> DATASET
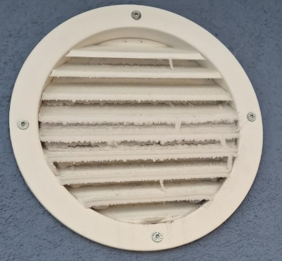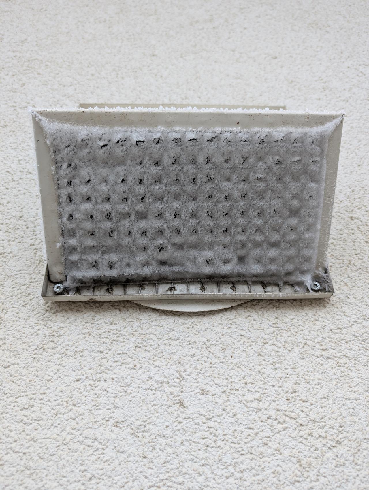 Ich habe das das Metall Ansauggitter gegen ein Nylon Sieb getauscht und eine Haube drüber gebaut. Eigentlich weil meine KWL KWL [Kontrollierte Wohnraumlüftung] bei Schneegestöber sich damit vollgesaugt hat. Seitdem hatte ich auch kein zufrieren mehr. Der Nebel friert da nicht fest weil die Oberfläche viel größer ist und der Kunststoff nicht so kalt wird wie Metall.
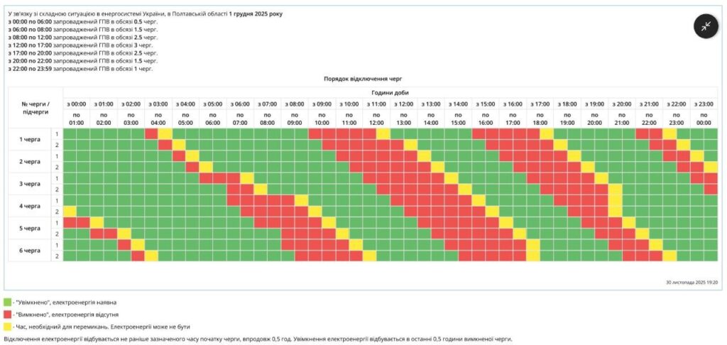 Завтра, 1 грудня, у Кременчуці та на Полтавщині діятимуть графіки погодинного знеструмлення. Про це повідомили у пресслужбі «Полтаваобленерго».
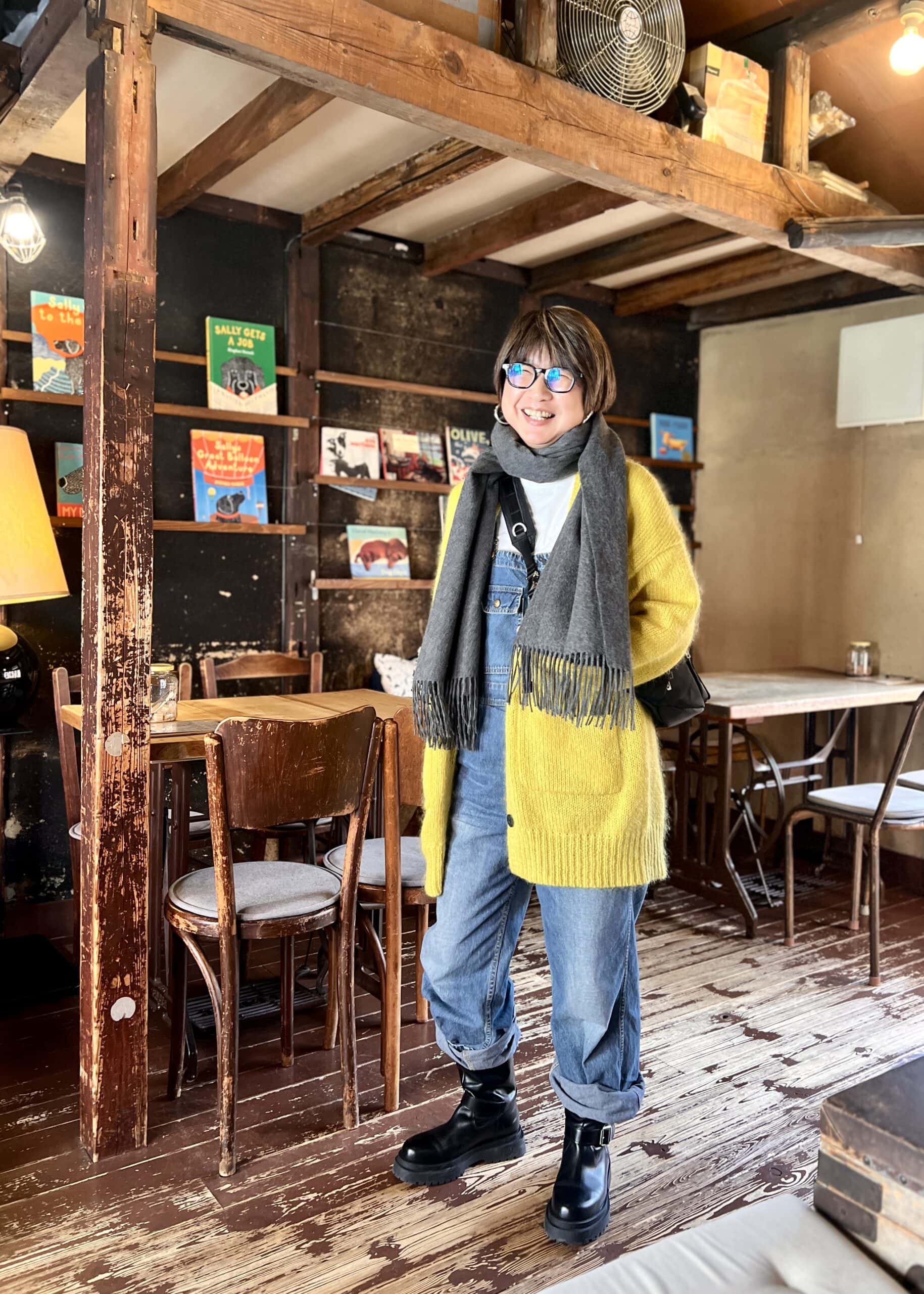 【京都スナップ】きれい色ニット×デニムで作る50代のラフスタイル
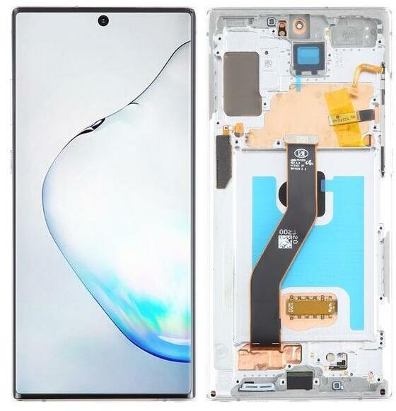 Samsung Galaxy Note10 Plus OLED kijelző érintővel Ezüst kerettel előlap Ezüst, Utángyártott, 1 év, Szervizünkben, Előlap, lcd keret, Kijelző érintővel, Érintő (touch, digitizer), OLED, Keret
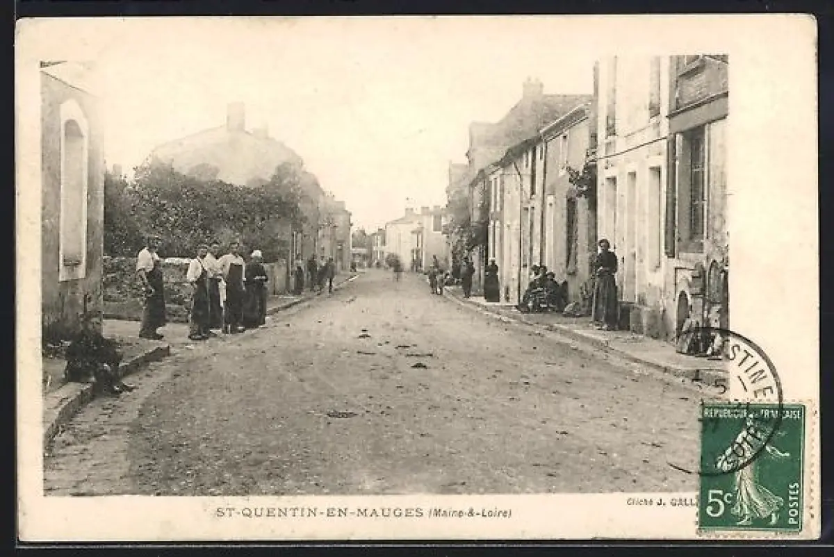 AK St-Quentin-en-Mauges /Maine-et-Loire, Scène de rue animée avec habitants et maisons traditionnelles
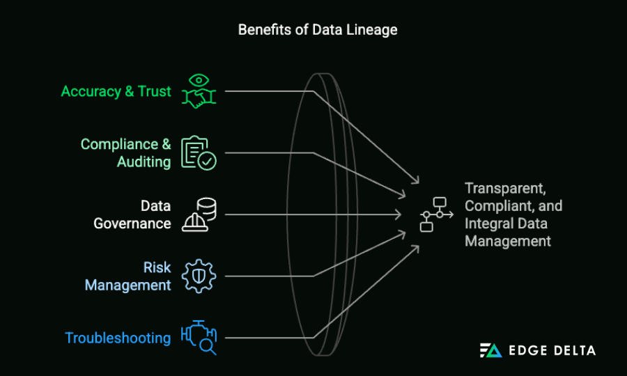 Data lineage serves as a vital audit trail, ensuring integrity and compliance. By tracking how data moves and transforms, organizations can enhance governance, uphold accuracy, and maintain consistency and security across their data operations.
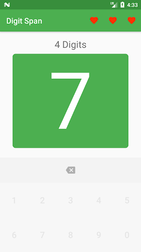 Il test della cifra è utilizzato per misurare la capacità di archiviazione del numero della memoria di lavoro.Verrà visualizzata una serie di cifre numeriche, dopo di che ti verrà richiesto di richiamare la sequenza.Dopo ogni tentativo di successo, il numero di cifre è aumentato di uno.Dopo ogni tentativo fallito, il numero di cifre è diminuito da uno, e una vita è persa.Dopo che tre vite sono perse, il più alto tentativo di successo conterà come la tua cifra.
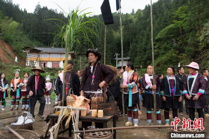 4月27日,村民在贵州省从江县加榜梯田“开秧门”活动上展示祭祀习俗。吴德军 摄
==
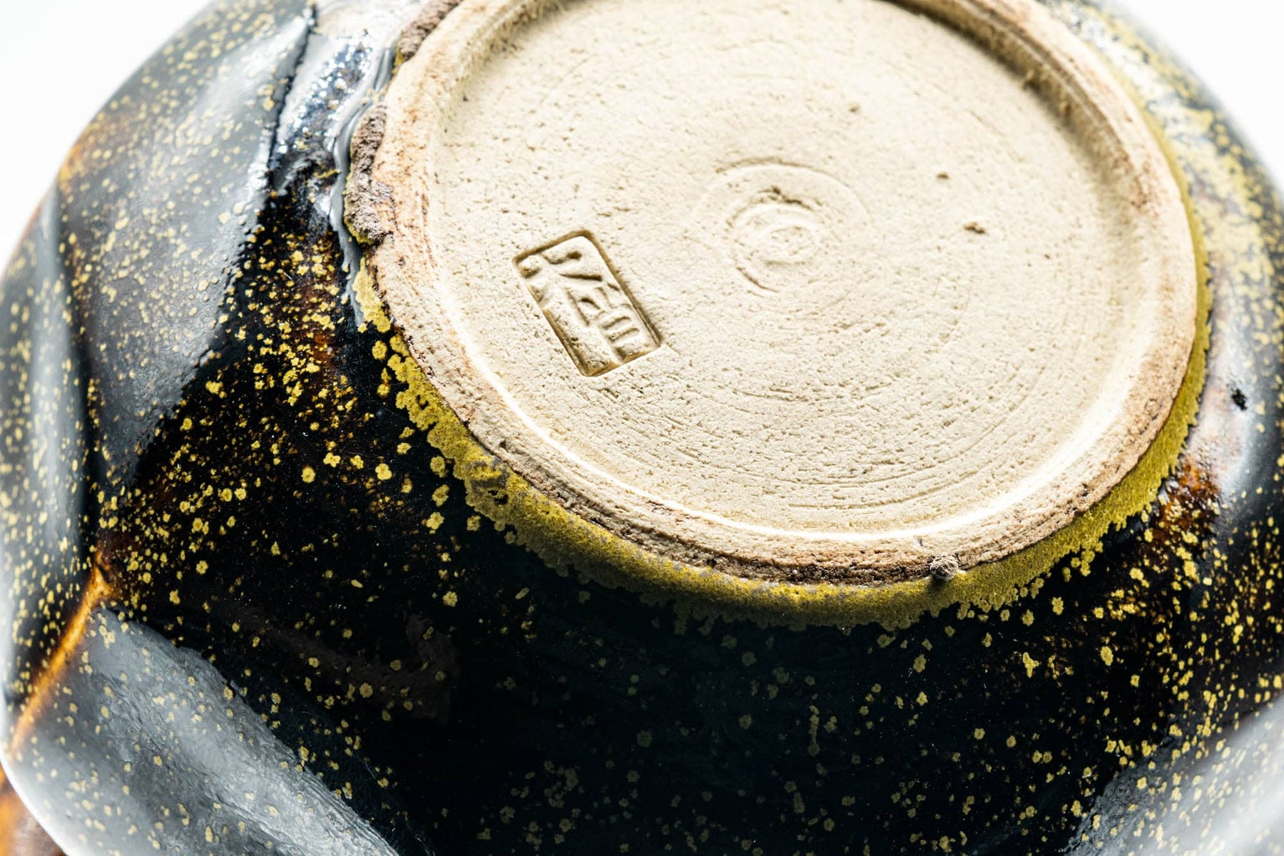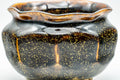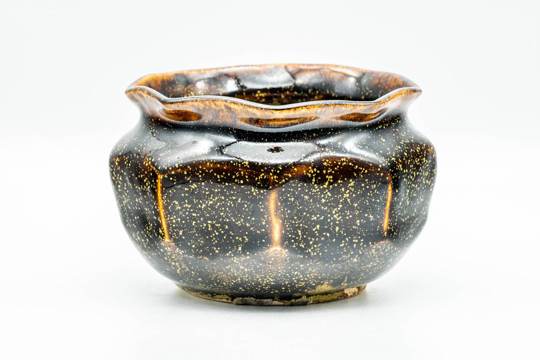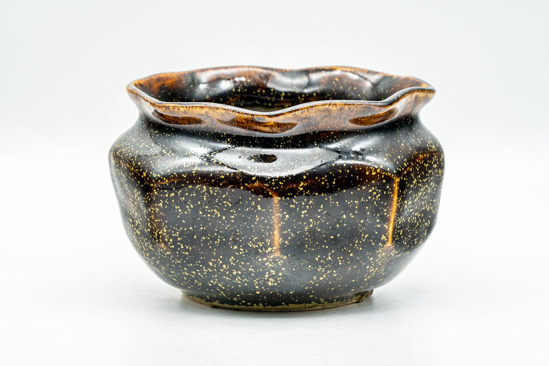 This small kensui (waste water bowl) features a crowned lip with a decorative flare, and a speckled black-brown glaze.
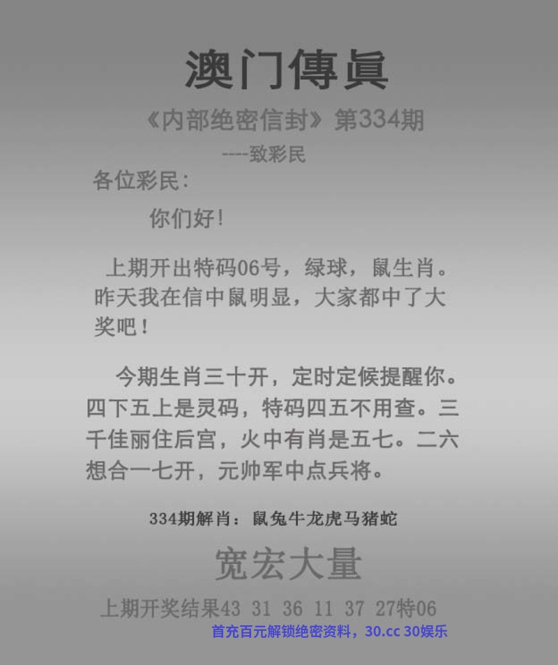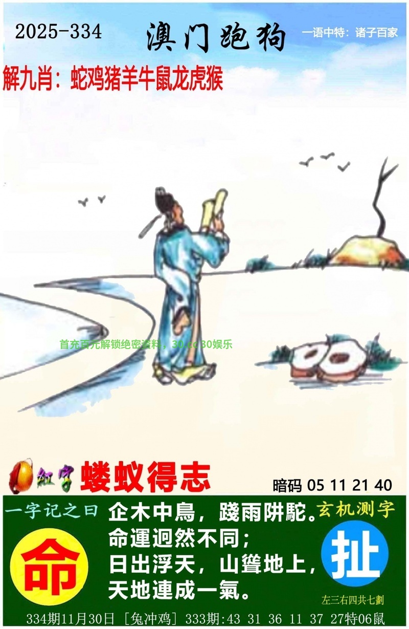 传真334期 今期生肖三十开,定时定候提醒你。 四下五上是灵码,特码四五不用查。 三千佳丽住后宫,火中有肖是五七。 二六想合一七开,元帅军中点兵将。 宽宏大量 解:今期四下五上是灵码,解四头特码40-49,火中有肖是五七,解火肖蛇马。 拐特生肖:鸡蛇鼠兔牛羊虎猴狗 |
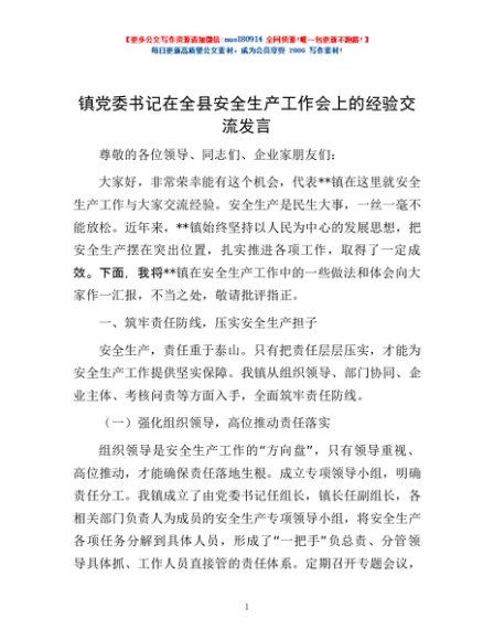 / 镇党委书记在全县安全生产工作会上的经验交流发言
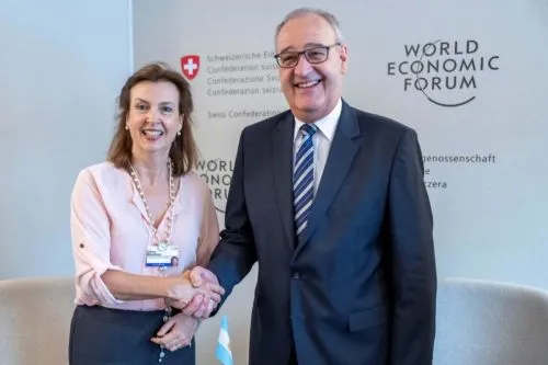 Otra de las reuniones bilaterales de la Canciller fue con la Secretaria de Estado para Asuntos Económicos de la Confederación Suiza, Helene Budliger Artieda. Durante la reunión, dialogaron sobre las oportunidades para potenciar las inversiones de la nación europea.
---
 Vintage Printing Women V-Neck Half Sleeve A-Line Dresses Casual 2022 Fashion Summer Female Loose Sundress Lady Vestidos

> PROBLEM DETAILS
In the listing above, find the line with "传真334期 今期生肖三十开,定时定候提醒你。 四下五上是灵码,特码四五不用查。" and the line with "Otra de las". Transcribe those two and everything between, exactly, leaving out pictures.

> ANSWER TO THE PROBLEM
 传真334期 今期生肖三十开,定时定候提醒你。 四下五上是灵码,特码四五不用查。 三千佳丽住后宫,火中有肖是五七。 二六想合一七开,元帅军中点兵将。 宽宏大量 解:今期四下五上是灵码,解四头特码40-49,火中有肖是五七,解火肖蛇马。 拐特生肖:鸡蛇鼠兔牛羊虎猴狗 |
 / 镇党委书记在全县安全生产工作会上的经验交流发言
 Otra de las reuniones bilaterales de la Canciller fue con la Secretaria de Estado para Asuntos Económicos de la Confederación Suiza, Helene Budliger Artieda. Durante la reunión, dialogaron sobre las oportunidades para potenciar las inversiones de la nación europea.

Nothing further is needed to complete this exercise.